"Summer Says Good-Bye, Students Say Hello"
an essay by Rachel Bredow, a lowly junior high teacher
It's that time of year again! The beginning of the end. The end of the freedom that we cling to. Soon, very soon, our "lazy"(yeah right) summer days will be consumed by the rush of students eager to get back to school and stacks of papers to grade.
Already I see those great books I devoured this summer and the family gatherings I enjoyed so much, fading into the hazy summer afternoons. The sound of noisy lunchrooms and banging lockers are getting louder and louder in my ears as the start of school approaches.
Not with dread, do I anticipate the upcoming school year. For just as summer is a much needed reprieve from the school year, so is the start of school a call to normalcy and a place where teachers feel needed and accepted.
It is here we belong and find much of our worthiness and significance in life. However, the school year does provide some challenges for teachers, especially at the beginning of the school year. Getting back to the grind, after a couple months off proves difficult at times. It is before the teacher goes on auto-pilot (about mid-October), when we have things figured out again, and after the initial shock to the system of the teaching regiment, that a place of solace and escape is needed.

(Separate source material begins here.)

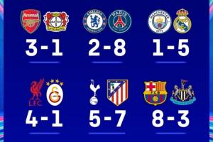 其余四支英超球隊(duì)則紛紛止步本輪,且多數(shù)遭遇大比分慘敗:曼城總比分1-5不敵皇馬,切爾西2-8被巴黎橫掃,紐卡3-8負(fù)于巴薩。熱刺雖然在本輪對(duì)決中贏下比賽挽回些許顏面,但仍以總比分5-7不敵馬競(jìng),無(wú)奈告別歐冠賽場(chǎng)。
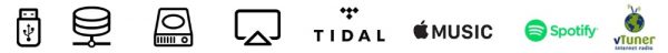 支援檔案格式:AIFF, ALAC, APE, DIFF, DSF, FLAC, OGG, WAV, AAC, MP3, MQA, WMA

A place where we can be ourselves and enjoy the company of other teachers without worrying about the students, or the parents, or the administration. It is only with other teachers, that teachers can fully be understood, or so I've found.

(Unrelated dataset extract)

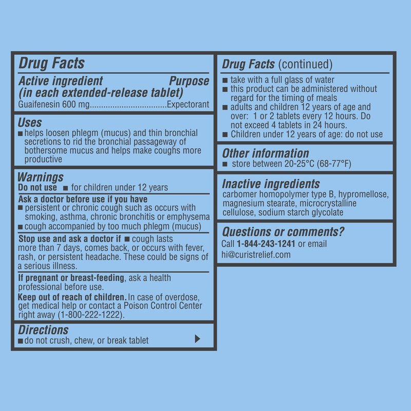 - FOR AGES 12 & UP: Curist Guaifenesin 600 mg ER (extended release) provides both adults and kids mucus relief (ages 12 and over).

Just as I am sure it is with doctors and other doctors, or policemen with other policemen. There is no need to explain the tick that has developed in your eye due to a particular student in your class to another teacher who has a sudden, unexplainable twitch developing inhis/her neck. That is why eleven other teachers andI deserve to share a fun, relaxing evening in each other's company, in a suite at a Rockies game.
Not to mention that we, as lowly teachers, would never be able to afford this on our own. We, who get paid less than ______, but who would never change jobs because it is not a job, but a way of life. It is at a baseball game that we will not totally despair at the summer gone by and can still cling to the last piece of freedom, America's favorite pastime, a nice cold beer. Oh, and baseball! Call it a farewell to the summer and a hello to the students who trustingly await their education. We won't let you down!